Retired judge warns of the lack of safeguards in the power of attorney system in England and Wales
Denzil Lush, a retired senior judge, says people should be far more aware of the risks of giving powers of attorney and that the appointment of deputies by the Court of Protection has more safeguards. The power of attorney is a legal document, which allows someone to make your financial decisions when you can no longer do so.
Last year, almost 650,000 applications were made to register the document and there are 2.5 million currently registered, according to an item on the BBC.
For 20 years Mr Lush was the senior judge in the Court of Protection, which looks after the interests of people who do not have the capacity to look after themselves. He has adjudicated in 6,000 power of attorney cases.

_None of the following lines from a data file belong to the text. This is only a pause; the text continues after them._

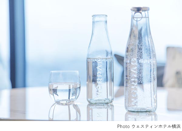 ウェスティンホテル横浜では、消費エネルギーを極力抑えるべく、全ての客室の温度を検知し、使用電力を必要最低レベルに管理する最新型のセンサーを導入しています。客室内の照明は調光が可能で、時間帯や過ごし方に合わせて照明を調整できるだけでなく、省エネにも貢献しています。またペットボトルを最大限に排除し、世界で最もサステナブルなノルダック・プレミアムウォーターを館内でリサイクルボトルに瓶詰し提供しています。さまざまな視点からウェルビーイング、サステナビリティに取り組んでいることを感じることができました。
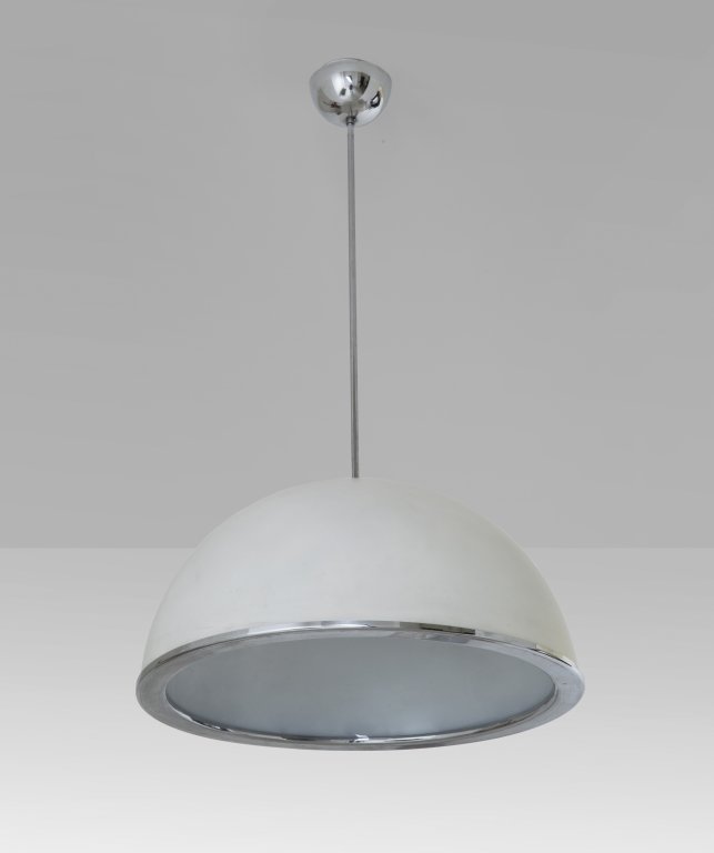 Lacquered chrome-plated metal with opaline glass diffuser.
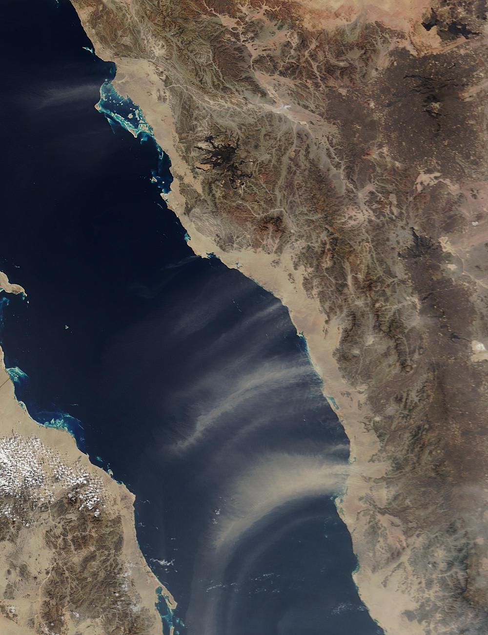 Arcing plumes of tan-colored dust hang over the blue waters of the Red Sea in this Moderate Resolution Imaging Spectroradiometer (MODIS) image captured on February 8, 2004, by the Terra satellite. The plumes originate on the Arabian Peninsula (image right) and stretch toward northeastern Africa (bottom left). Dust storm activity has been high across a large part of Africa and the Middle East during early February. The high-resolution image provided above is 500 meters per pixel. The MODIS Rapid Response System provides this image at additional resolutions.
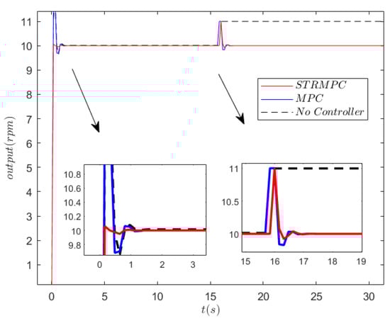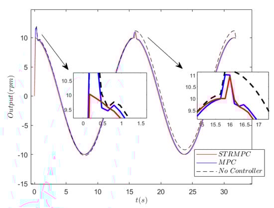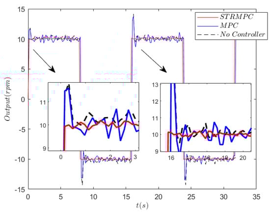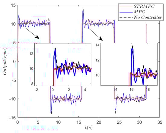 We set step, sine, and square wave with amplitudes of 10 rpm and periods of 16 s as input signals. We separately added noise and load disturbances to the system output to validate the proposed method’s disturbance rejection capability. The initial system states for the STRMPC and MPC were defined as . We used the integral of the time-weighted absolute error (ITAE) performance index to evaluate the control performance.
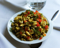 Faites chauffer très rapidement les flageolets au micro-ondes, ils doivent à peine être tiédis. Ajoutez le mélange des saumons à l'aneth. Nappez de sauce et mélangez le tout rapidement. Dégustez sans attendre.
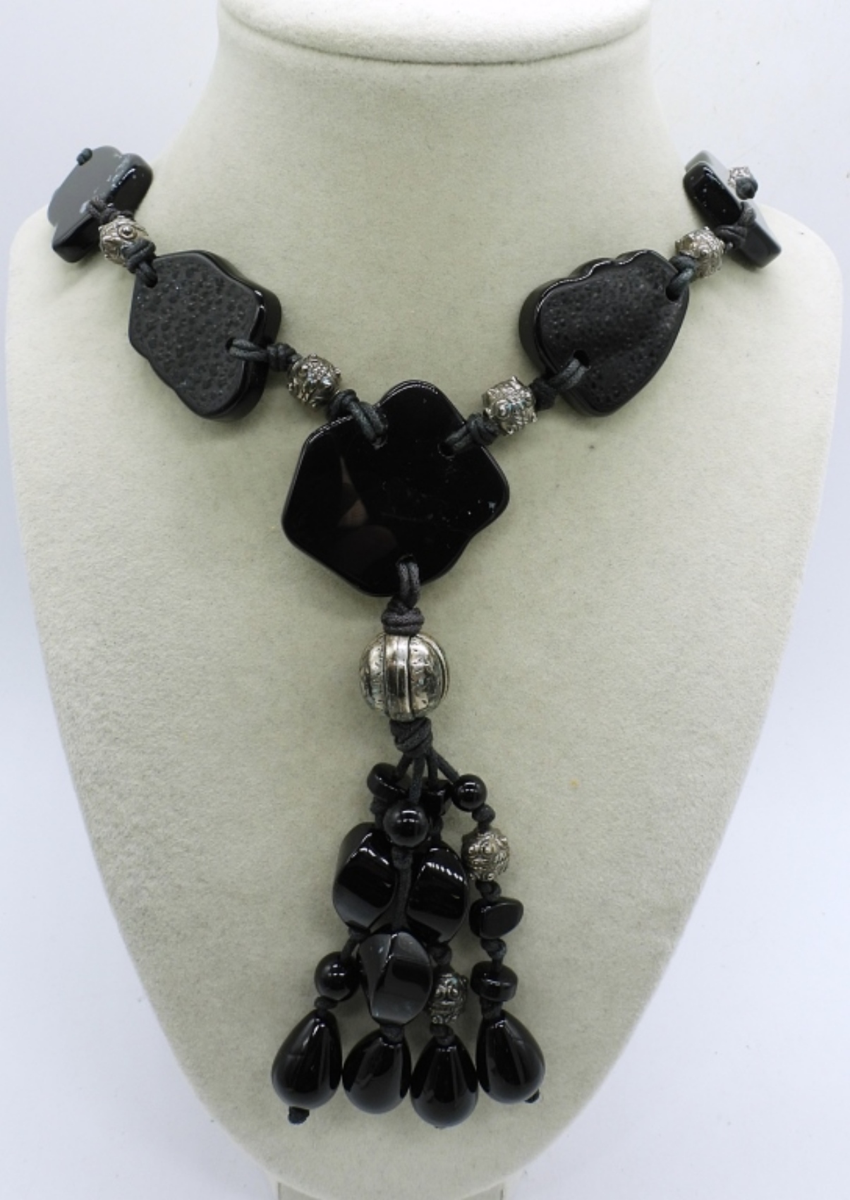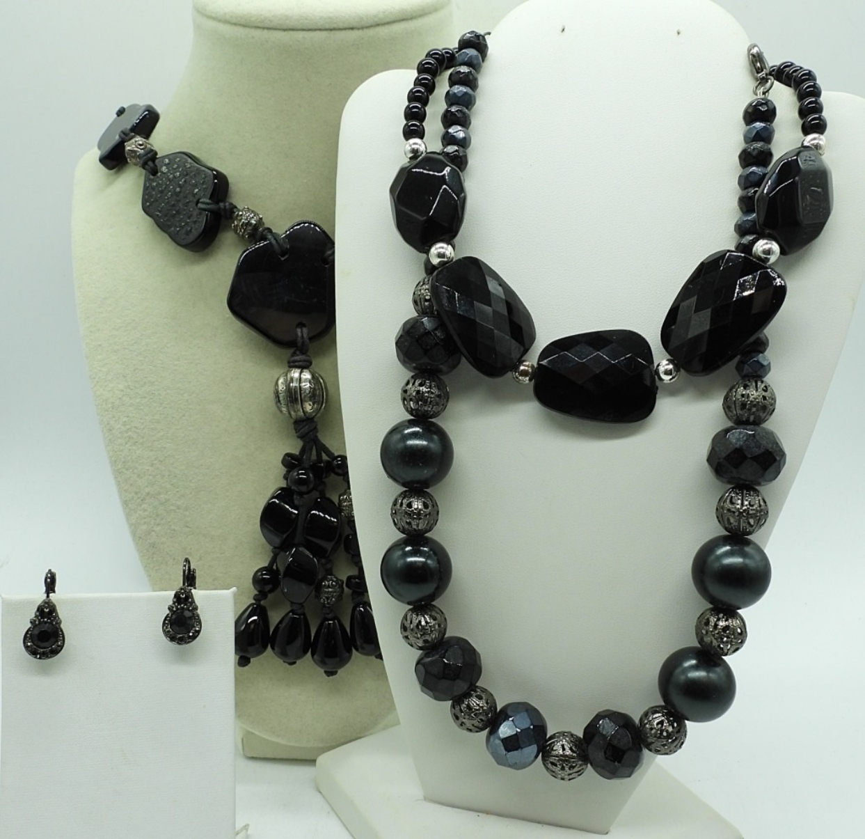 4 PIECE BLACK AND SILVER TONE JEWELRY SET, 32″ BLACK GEM STONE NECKLACE ,(2) 18″ BLACK BEADED NECKLACE AND A PAIR OF BLACK VINTAGE EARRINGS
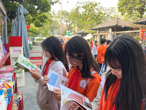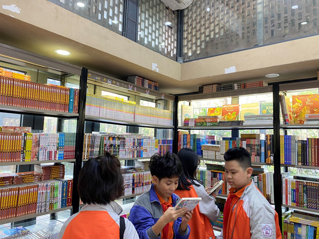 Cuối buổi trải nghiệm, các em học sinh được tham quan phố sách đầu tiên ở Hà Nội, địa điểm tập trung rất nhiều gian hàng của các nhà xuất bản cũng như những công ty sách có tên tuổi trong cả nước.
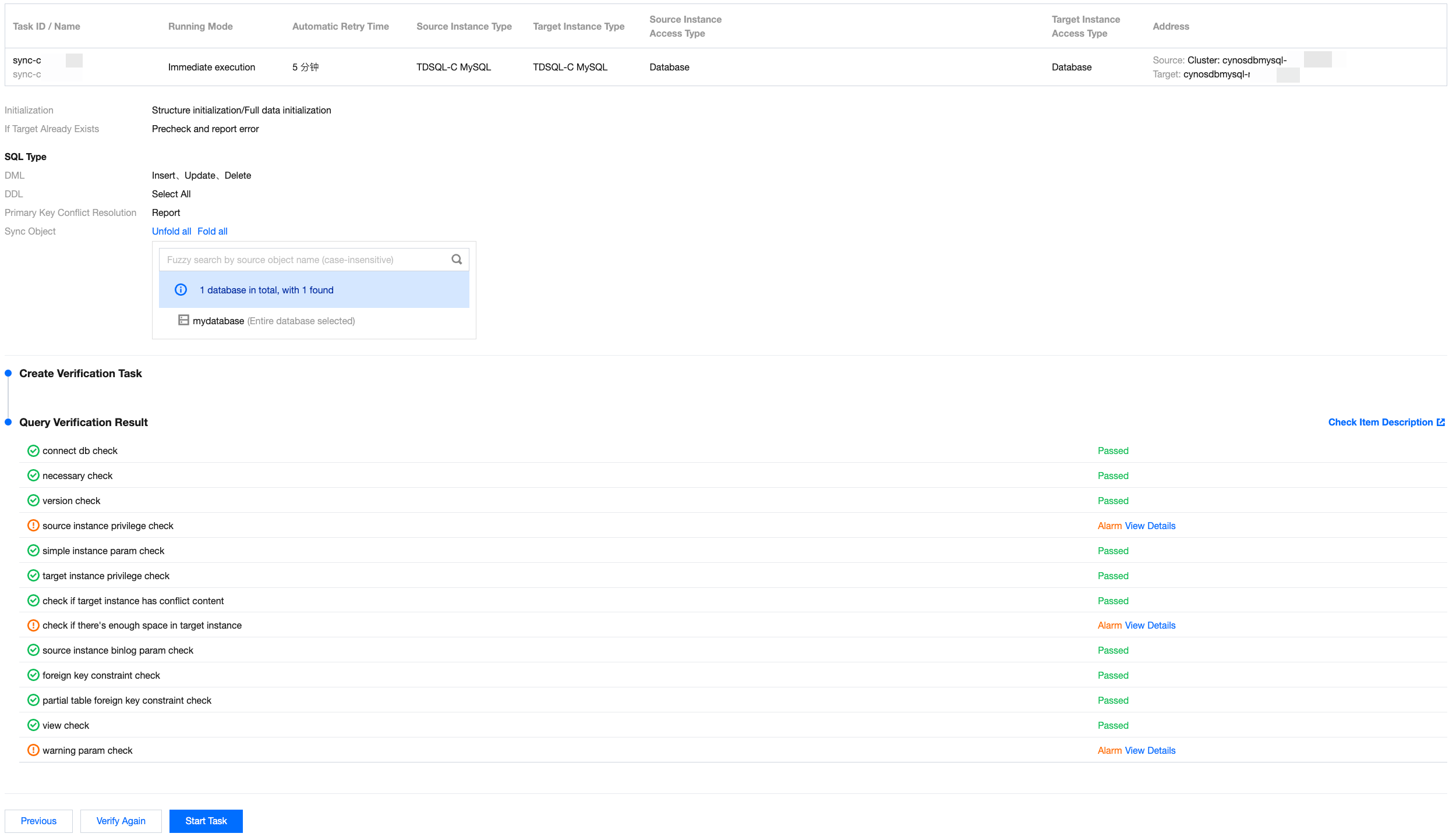 検証タスクが不合格となった場合、検証不合格の対処方法を参考に問題を修正した後、再度検証タスクを開始してください。 同期タスクはソースデータベースとターゲットデータベースのインスタンス負荷を増加させる可能性があります。業務の低ピーク時間帯に操作を実行してください。
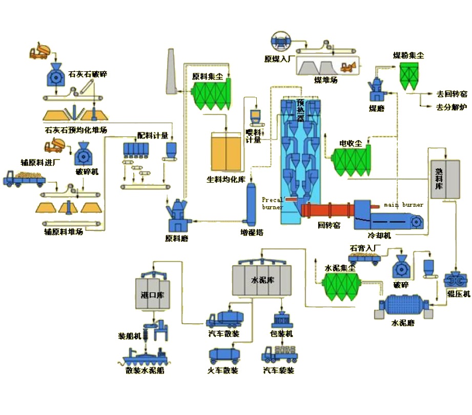 【方案優(yōu)勢】:新型干法水泥生產(chǎn)線介紹:新型干法水泥生產(chǎn)線是以生料預(yù)均化技術(shù)和回轉(zhuǎn)窯煅燒技術(shù)為基礎(chǔ),以懸浮預(yù)熱和窯外分解技術(shù)為核心的現(xiàn)代化水泥生產(chǎn)方法,其工藝的特點是生產(chǎn)能力大、自動化程度高、產(chǎn)品質(zhì)量高、能耗低、有害物排放量低、工業(yè)廢棄物利用量大。

Mr Lush described the encouragement to sign powers of attorney as a “crusade” by the Ministry of Justice (MoJ), which “demonised” the legal alternative - the appointment of deputies by the Court of Protection itself. Mr Lush said there is far more scrutiny from the outset with a deputy as they have to provide a full list of assets, and annual accounts. Deputies also have to provide a security bond, which can be easily claimed if there is a problem with money being spent inappropriately.
The Ministry of Justice responded: “Safeguarding vulnerable people is our priority. We take swift action if any abuse is reported and have a zero tolerance approach to any attorney or deputy who breaks the law.”